Selling, general and administrative expenses for the third quarter of 2009 were $8.5 million, compared with $7.6 million for the third quarter of 2008, an increase of $0.9 million, or 13%, primarily due to severance expense related to our plan of termination that reduced our workforce by 25 employees in the third quarter of 2009.
Investment income, net for the third quarter of 2009 was $0.5 million, compared with $0.3 million for the three months ended September 30, 2008, an increase of $0.2 million, or 48%, primarily due to realized gains on the sale of short-term investments.

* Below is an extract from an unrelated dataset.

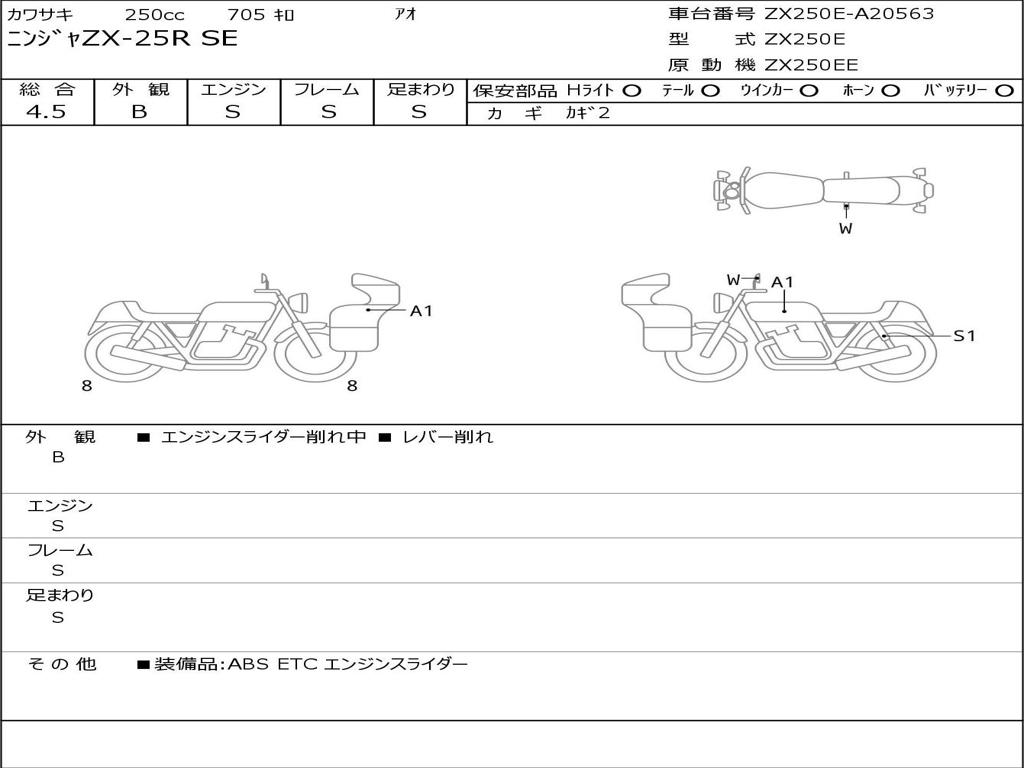 | Номер рамы / VIN | ZX250E-A20563 |

Other income, net for the third quarter of 2009 was $11.8 million, compared with Other expense, net of $0.1 million for the third quarter of 2008, an increase to income of $11.9 million as a result of the non-cash gain on the mark-to-market valuation adjustment to our warrant liability during the three months ended September 30, 2009.
Financial Results of Operations for the Nine Months Ended September 30, 2009
Total revenues for the first nine months of 2009 were $2.1 million, consistent with the same period of 2008.
Research and development expenses for the first nine months of 2009 were $42.1 million, compared with $37.8 million for the same period of 2008, an increase of $4.3 million, or 11%.